INSTRUCTIONS FOR THE TASK
Please reproduce the lines of the records below from the one holding "Create a cinematic" through the one holding "5FT Pop Up Christmas", inclusive, skipping all pictures.

── RECORDED DATA

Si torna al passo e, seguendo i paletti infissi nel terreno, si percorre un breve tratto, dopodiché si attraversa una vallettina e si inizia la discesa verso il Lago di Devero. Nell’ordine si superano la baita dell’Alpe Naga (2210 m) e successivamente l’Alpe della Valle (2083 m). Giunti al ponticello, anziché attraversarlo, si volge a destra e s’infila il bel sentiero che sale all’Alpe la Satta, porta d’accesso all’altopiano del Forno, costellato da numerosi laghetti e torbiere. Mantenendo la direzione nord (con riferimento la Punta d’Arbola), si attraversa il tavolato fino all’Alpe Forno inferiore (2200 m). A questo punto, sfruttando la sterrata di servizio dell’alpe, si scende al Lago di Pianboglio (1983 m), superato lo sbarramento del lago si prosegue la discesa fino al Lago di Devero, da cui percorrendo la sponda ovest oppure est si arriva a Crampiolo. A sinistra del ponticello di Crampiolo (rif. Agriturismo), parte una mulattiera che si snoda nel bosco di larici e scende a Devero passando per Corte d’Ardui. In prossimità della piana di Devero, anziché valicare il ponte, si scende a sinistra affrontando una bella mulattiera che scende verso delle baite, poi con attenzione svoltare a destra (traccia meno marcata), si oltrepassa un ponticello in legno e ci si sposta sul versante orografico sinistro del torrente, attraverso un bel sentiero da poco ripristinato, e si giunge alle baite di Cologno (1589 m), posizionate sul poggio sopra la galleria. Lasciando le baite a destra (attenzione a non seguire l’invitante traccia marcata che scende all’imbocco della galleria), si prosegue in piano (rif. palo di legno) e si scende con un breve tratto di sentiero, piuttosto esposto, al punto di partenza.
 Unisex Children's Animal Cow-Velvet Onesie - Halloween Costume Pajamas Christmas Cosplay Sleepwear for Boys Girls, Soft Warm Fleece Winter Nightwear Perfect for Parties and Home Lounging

────
── RECORDED DATA

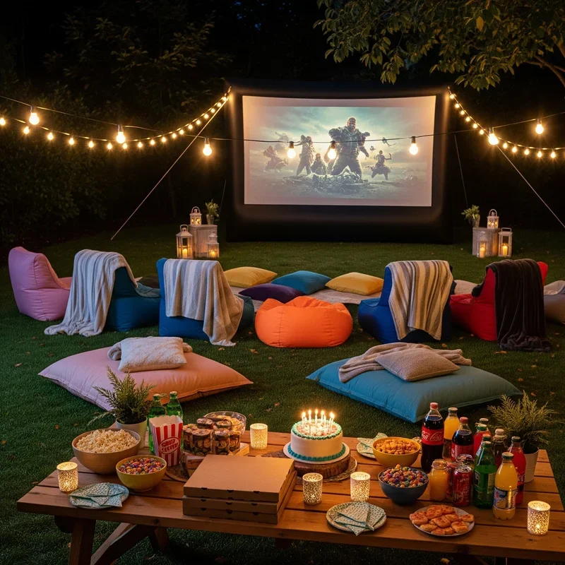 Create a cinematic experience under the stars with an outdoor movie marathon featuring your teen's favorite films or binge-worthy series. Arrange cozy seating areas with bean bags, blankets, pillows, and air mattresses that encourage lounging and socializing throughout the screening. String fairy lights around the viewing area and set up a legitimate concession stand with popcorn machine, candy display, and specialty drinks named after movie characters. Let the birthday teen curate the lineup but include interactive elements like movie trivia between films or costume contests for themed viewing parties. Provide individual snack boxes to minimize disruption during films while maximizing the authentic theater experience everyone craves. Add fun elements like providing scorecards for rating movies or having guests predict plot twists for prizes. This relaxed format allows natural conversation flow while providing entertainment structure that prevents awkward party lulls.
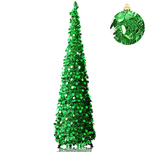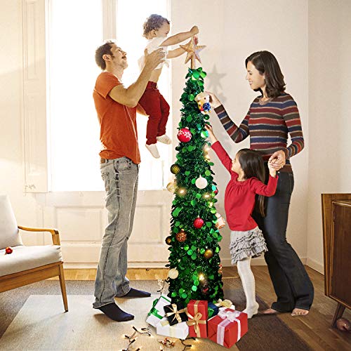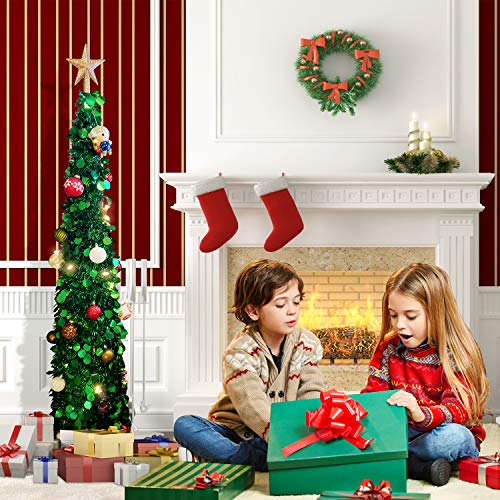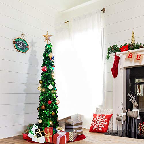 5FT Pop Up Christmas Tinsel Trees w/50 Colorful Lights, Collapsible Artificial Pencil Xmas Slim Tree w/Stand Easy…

────

RESPONSE TO THE TASK
 Create a cinematic experience under the stars with an outdoor movie marathon featuring your teen's favorite films or binge-worthy series. Arrange cozy seating areas with bean bags, blankets, pillows, and air mattresses that encourage lounging and socializing throughout the screening. String fairy lights around the viewing area and set up a legitimate concession stand with popcorn machine, candy display, and specialty drinks named after movie characters. Let the birthday teen curate the lineup but include interactive elements like movie trivia between films or costume contests for themed viewing parties. Provide individual snack boxes to minimize disruption during films while maximizing the authentic theater experience everyone craves. Add fun elements like providing scorecards for rating movies or having guests predict plot twists for prizes. This relaxed format allows natural conversation flow while providing entertainment structure that prevents awkward party lulls.
 5FT Pop Up Christmas Tinsel Trees w/50 Colorful Lights, Collapsible Artificial Pencil Xmas Slim Tree w/Stand Easy…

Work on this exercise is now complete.